Porkers & polenta with roast shallots

Recipe: Porkers & polenta with roast shallots

Posted: February 16, 2014   •   Posted in:

Serves 4 / 30 min


12 Broad Oak pork sausages, 2tbsp olive oil, 12 shallots, 300g spinach leaves, 75g butter, 4tbsp grated Parmesan,. 250g 1 minute polenta.


Heat the oven to 375F/190C/gas mark 5 and boil the kettle. Smear sausages with oil and arrange in a roasting pan with unpeeled shallots. Cook, turning halfway through, for 25 minutes or until golden brown and the shallots are very soft. Meanwhile, pour boiling water into a pan, return to the boil, add 1 tsp salt and the return to the boil for a minute.

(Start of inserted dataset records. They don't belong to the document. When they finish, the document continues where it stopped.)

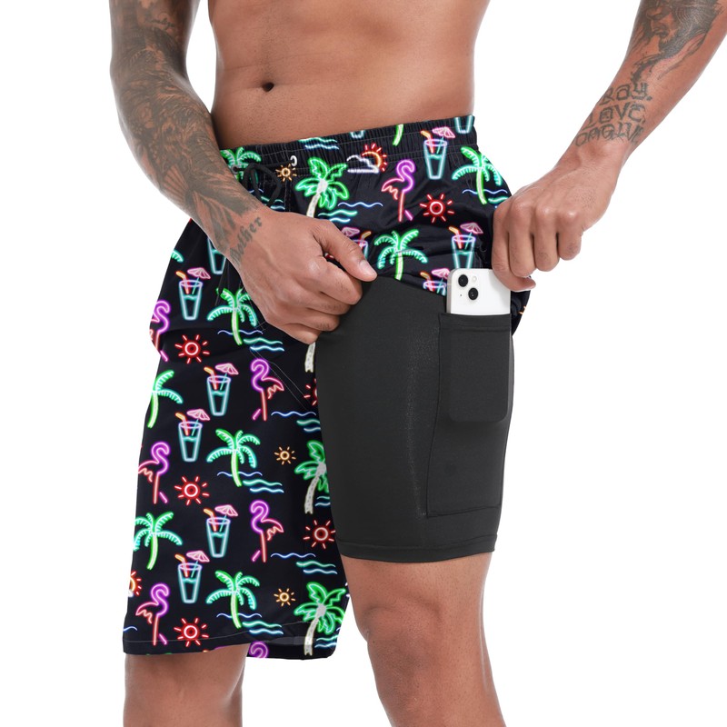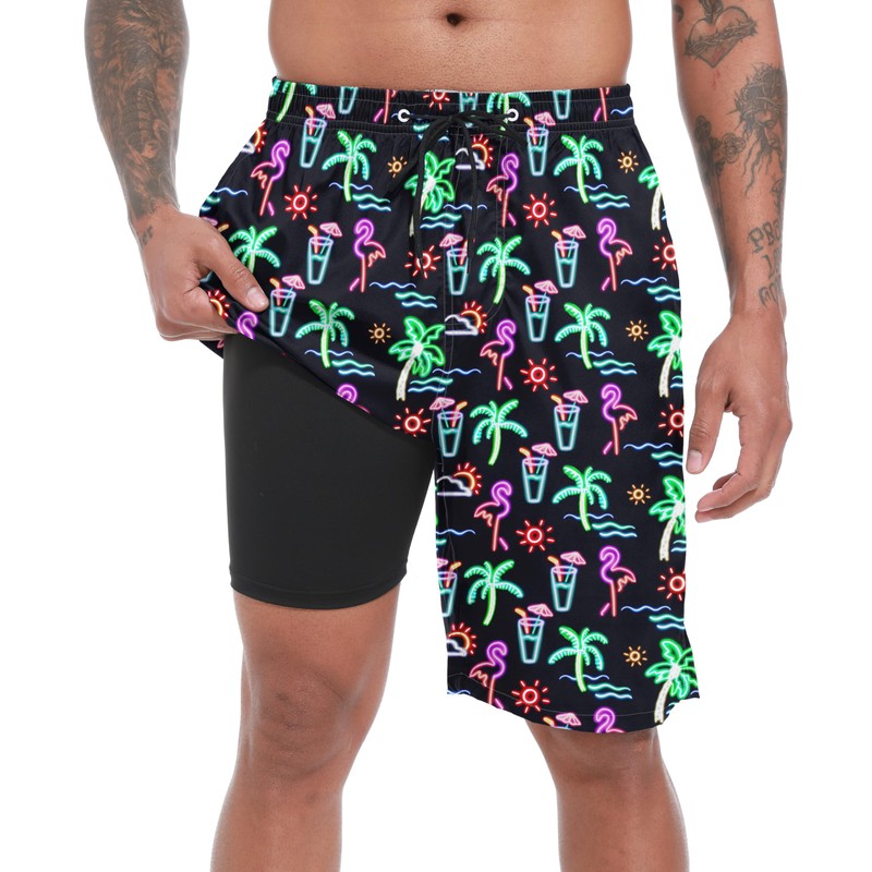 FT FENTENG Mens Swim Trunks with Compression Liner 9" Board Shorts 2 in 1 Quick Dry Beach Swimwear Bathing Suits for Men, Neon Flamingo-c, XX-Large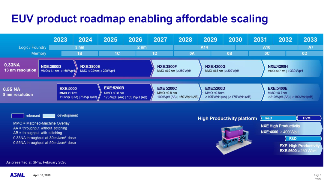 “在人工智能相关基础设施持续投资的推动下,半导体行业的增长前景持续向好。芯片需求正超过供给。为此,我们的客户在与客户签订的长期协议支持下,正加快2026年及以后的产能扩张计划。过去几个月,客户上调了对我们产品的短期和中期需求预期。因此,ASML 的订单接收量持续保持高位,我们正与客户紧密协作,通过交付新系统和对现有设备进行性能升级相结合的方式,满足客户的需求。这些业务动态支撑了我们的预期,即 2026 年将是我们所有业务再度实现增长的一年。”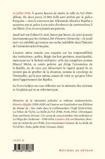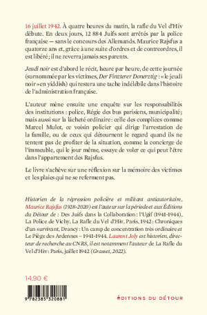 16 juillet 1942. À quatre heures du matin, la rafle du Vel d'Hiv débute. En deux jours, 12 884 Juifs sont arrêtés par la police française - sans le concours des Allemands. Maurice Rajsfus a quatorze ans et, grâce à une suite d'ordres et de contreordres, il est libéré ; il ne reverra jamais ses parents.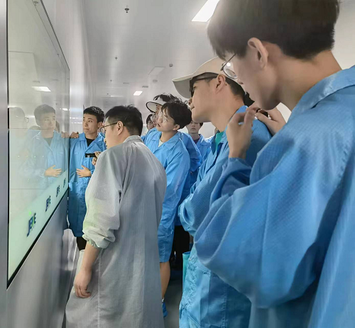 捷威动力技术部冷经理带领大家参观了电芯生产线,为大家详细讲解了电池的生产工艺和制作过程以及新能源领域的未来发展趋势,同时耐心解答同学们现场提出的问题。同行党员老师和冷经理就教科研中电池相关问题进行了深入探讨和交流,冷经理并现场就电池模组进行了讲解和解答。
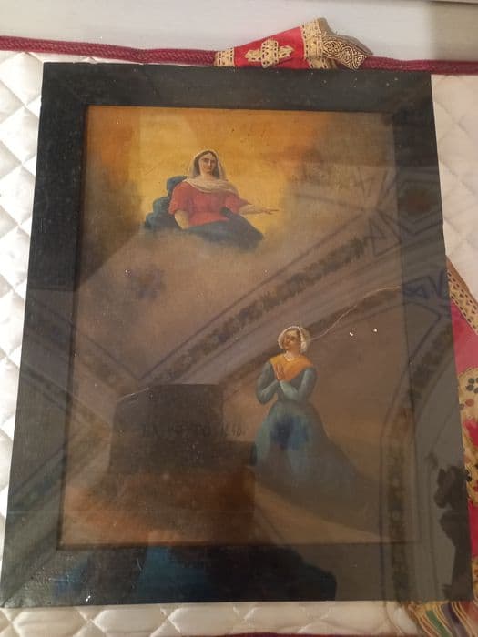 Une femme, agenouillée, prie la Vierge qui apparaît dans le ciel.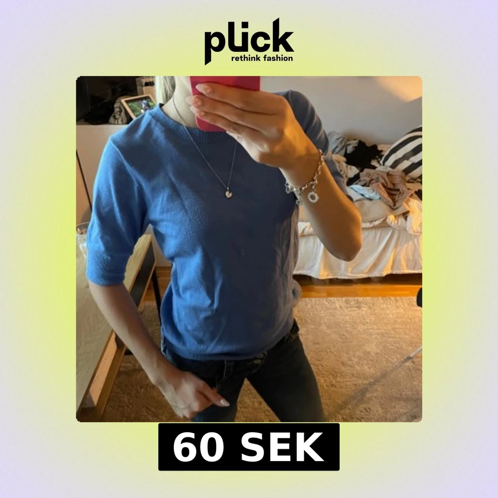 Snygg blå stickad tröja med rund halsringning och korta ärmar. Perfekt för dig som vill ha en enkel men stilren look. Tröjan har en mjuk känsla och passar bra till både jeans och kjol.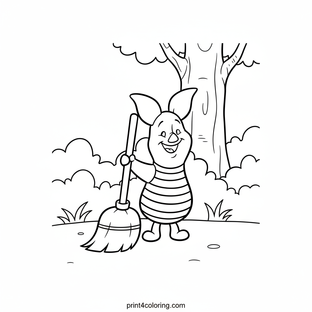 Join Piglet in the Hundred Acre Wood as he proudly shows off his clean corner! Wearing his favorite pink striped shirt, he stands beside his broom, beaming with satisfaction. This heartwarming scene captures Piglet's helpful spirit and the joy of a job well done. Add vibrant colors to his tidy little world!
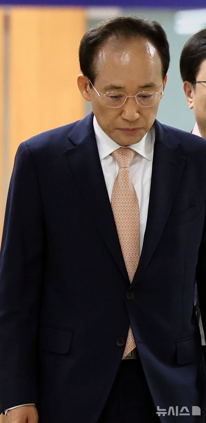 [서울=뉴시스] 박주성 기자 = 비상계엄 해제 의결을 방해한 혐의로 기소된 추경호 국민의힘 의원이 17일 오전 서울 서초구 서울중앙지방법원에서 열린 공판에 출석하고 있다. 2026.04.17. [email protected]
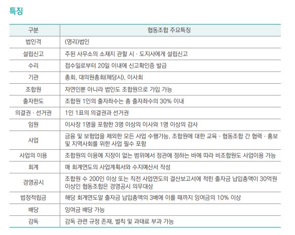 협동조합은 자발적이며 개방적인 조합원제도와 조합원에의한 민주적관리,경제적참여,자율과 독립,교육,훈련과 정보제공, 협동조합간 협동, 지역사회에 대한 기여등을 특징으로 하여 일반 주식회사와 차이가 있습니다.

Drain and cool, then squeeze to remove excess water. When the sausages are ready, remove the skins from the shallots and keep both warm. Pour 1 litre of boiling water into a spacious pan. Add 1/2,tsp salt and return to the boil.

Add the polenta in a steady stream, reduce the heat and stir with a long wooden spoon for 1 minute as it thickens. Stir in the butter, Parmesan and a spinach. Divide between 4 warmed dinner plates and add 3 sausages and 3 shallots to eat.